WHAT YOU WILL DO: Only the lines from the one with "Canyon conçue par" to the end of the data below should be given again, exactly, with both ends included and pictures omitted.

SOURCE DATA:
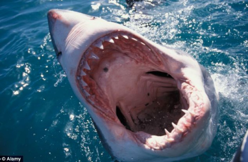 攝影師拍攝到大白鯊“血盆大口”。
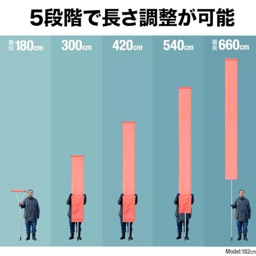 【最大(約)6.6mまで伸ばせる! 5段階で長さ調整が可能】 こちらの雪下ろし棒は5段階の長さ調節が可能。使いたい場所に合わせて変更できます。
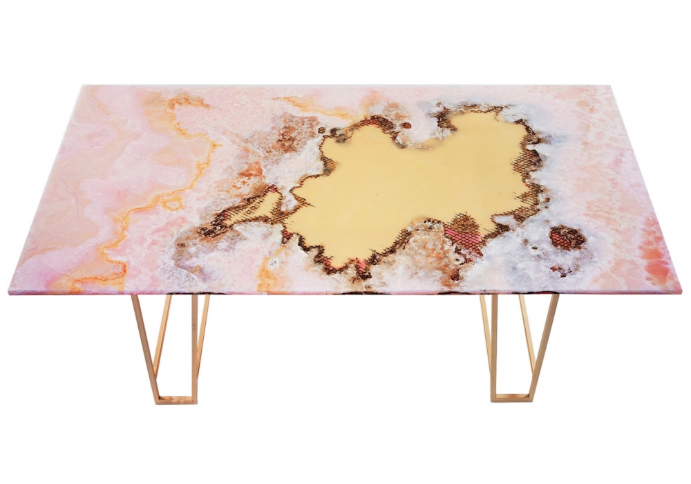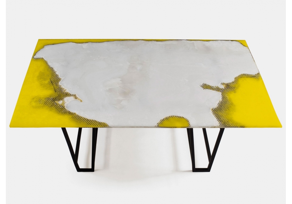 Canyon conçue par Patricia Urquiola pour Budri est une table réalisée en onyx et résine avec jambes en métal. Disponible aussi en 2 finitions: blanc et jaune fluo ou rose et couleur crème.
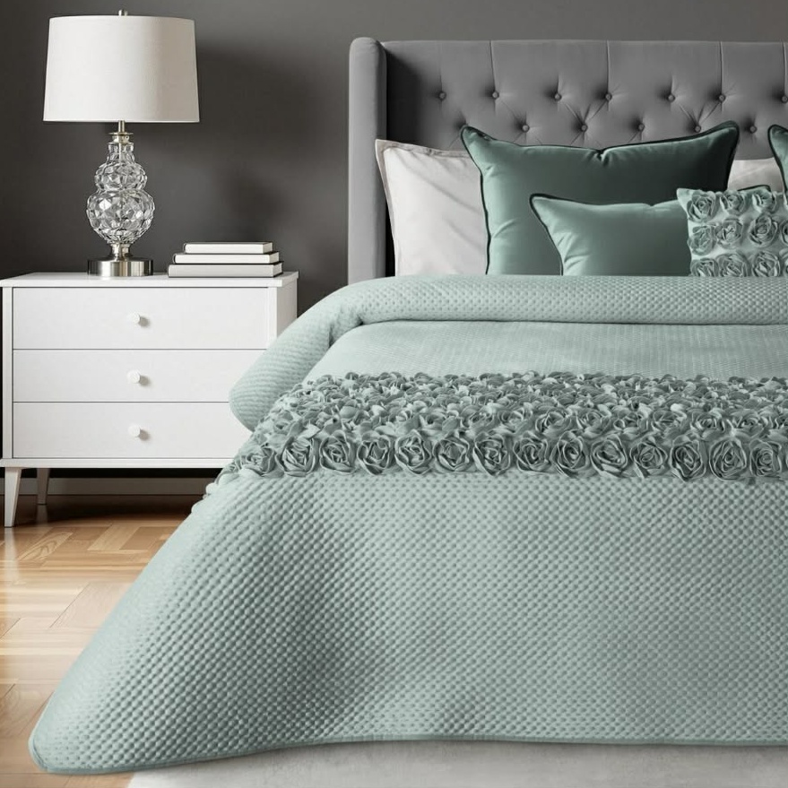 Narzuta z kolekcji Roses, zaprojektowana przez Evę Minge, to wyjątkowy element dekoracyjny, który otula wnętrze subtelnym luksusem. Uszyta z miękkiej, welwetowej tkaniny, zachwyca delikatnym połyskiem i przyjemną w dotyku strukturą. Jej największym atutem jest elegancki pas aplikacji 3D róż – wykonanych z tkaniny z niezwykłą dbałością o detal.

ANSWER TO THIS TASK:
 Canyon conçue par Patricia Urquiola pour Budri est une table réalisée en onyx et résine avec jambes en métal. Disponible aussi en 2 finitions: blanc et jaune fluo ou rose et couleur crème.
 Narzuta z kolekcji Roses, zaprojektowana przez Evę Minge, to wyjątkowy element dekoracyjny, który otula wnętrze subtelnym luksusem. Uszyta z miękkiej, welwetowej tkaniny, zachwyca delikatnym połyskiem i przyjemną w dotyku strukturą. Jej największym atutem jest elegancki pas aplikacji 3D róż – wykonanych z tkaniny z niezwykłą dbałością o detal.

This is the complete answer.